For most DePaul students, riding some form of public transit is a routine activity. With many commuters, as well as students who have classes in both the Loop and Lincoln Park campuses, it is part of the university culture. DePaul even provides students with a Chicago Transit Authority U-Pass. For many, however, experiencing harassment on public transit has also become a routine thing.
According to a 2014 study by the website Stop Street Harassment,
65 percent of American women in the United States have experienced street harassment, as well as 25 percent of men.
Chicago native Kara Crutcher is one of the many victims of harassment on the CTA. She had her first encounter with harassment at age 14, and since then she said she has “become numb to it.”
“I started thinking it is just another day in the life of living in a city, and that is the sad part, because it is not something that should be the standard,” she said. “It is not a world we should have to face.”
A combination of seeing her friend’s Instagram post of a sexual harassment bus ad, her love for transit culture, and her personal experiences with harassment in the city, specifically the CTA, led Crutcher to take a stand on the issue.
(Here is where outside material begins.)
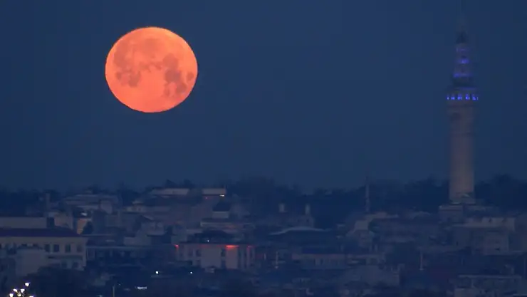 İstanbul'da baharın habercisi olarak bilinen ve 'Pembe Ay' adıyla anılan Dolunay, gökyüzünde görsel şölen oluşturdu.

She created the Courage Campaign, an organization intended to raise money for CTA ads against harassment.
Crutcher’s campaign aims to end harassment that many DePaul students may be familiar with. Ranging from physical harassment to verbal harassment, many have stories to tell.
Chanel Lewis is a junior at DePaul who rides the CTA frequently. The most common harassment she experienced is racial harassment.
“People, specifically men, will make some racial epithet toward me sexually and then tug on my hair, or try to touch my butt,” Lewis said.
Asked if anyone ever steps in to help, Lewis said most people try to stay out of the situation.
“People try to mind their business as much as possible. In general, someone may share an ‘Oh-no-that-sucks’ look with me, but no one has ever intervened,” she said.
When talking to her friends about these issues, Lewis said it, “became a weird ‘what-has-happened-to-you-today-on-the-CTA’ conversation, especially on the Red Line and Blue Line during particular hours,” she said.
Lewis said more action must be taken toward these issues.
“There has to be some sort of system set up for anyone who feels sexually harassed on public transit,” Lewis said. “Part of it has to do with the attitude we have toward people in public, and how people would respond to that situation.”
Sophomore Rebecca McDonald is another DePaul student who has been sexually harassed. On her way back from seeing “The Rocky Horror Picture Show” with her friends last Halloween, a male passenger touched her butt on the CTA.
“We were on this overly packed CTA, and all of a sudden, I felt someone grabbing my butt,” McDonald said. “I held onto my guy friend, who switched spots with me.
“I was 98 percent sure that he was touching my butt, but there is always that two percent chance he was hitting into me because the train was so crowded,” she said.
McDonald said she is not the only DePaul student who has had this experience.
“I am sure a majority of DePaul students have been in a situation on the CTA where someone made them feel uncomfortable,” McDonald said.
She has methods for dealing with sexual harassment.
“I try and walk past the harassers, keep my head up, and do not bring attention to it, because that is what they want,” she said.
Juniors Ellen Goese and Laura Springman also had uncomfortable CTA experiences. Last spring, Goese was standing at the Wellington Brown Line ‘L’ platform when a man exposed himself and began masturbating while looking at her.
“I didn’t want to take the ‘L’ after class and get back on it,” she said. “It really shook me up.”
In Springman’s case, she was listening to her headphones on the ‘L’ when a male passenger tried getting her attention by shouting “Hey, cutie” and other similar terms.
“I don’t owe him any of my time or any information, so I did not say anything,” Springman said.
When she ignored him, he proceeded to call her profane names. Springman said her friend even wears a ring on her finger during train rides to make it look like she is married, so guys will not talk to her.
Stories like these are part of the reason Crutcher is working on the Courage Campaign. Her unique definition of street harassment is applicable to all forms of harassment.
“Telling someone one thing is sexual harassment and one thing isn’t is so complicated. The root of all of it is it is objectification and a feeling of humiliation,” Crutcher said. “That is what street harassment is to me. The campaign encourages forming a communal effort to feel safe.”
Crutcher shared her ways of dealing with sexual harassment on the streets.
“One thing that I find that I do frequently when I am walking on the street and a group of men are staring at me, I won’t look at them head on, nor straight where I am going, I will look anywhere but this group of people staring at me. It makes such a huge difference to keep your head up,” she said.
Ironically, on her way to her meeting for the Courage Campaign this week, she experienced sexual harassment. But last time, she handled it differently.
“I am doing this campaign; I have to do this right,” Crutcher said as she looked forward and kept her head up. “Is there some reason everyone is staring at me?”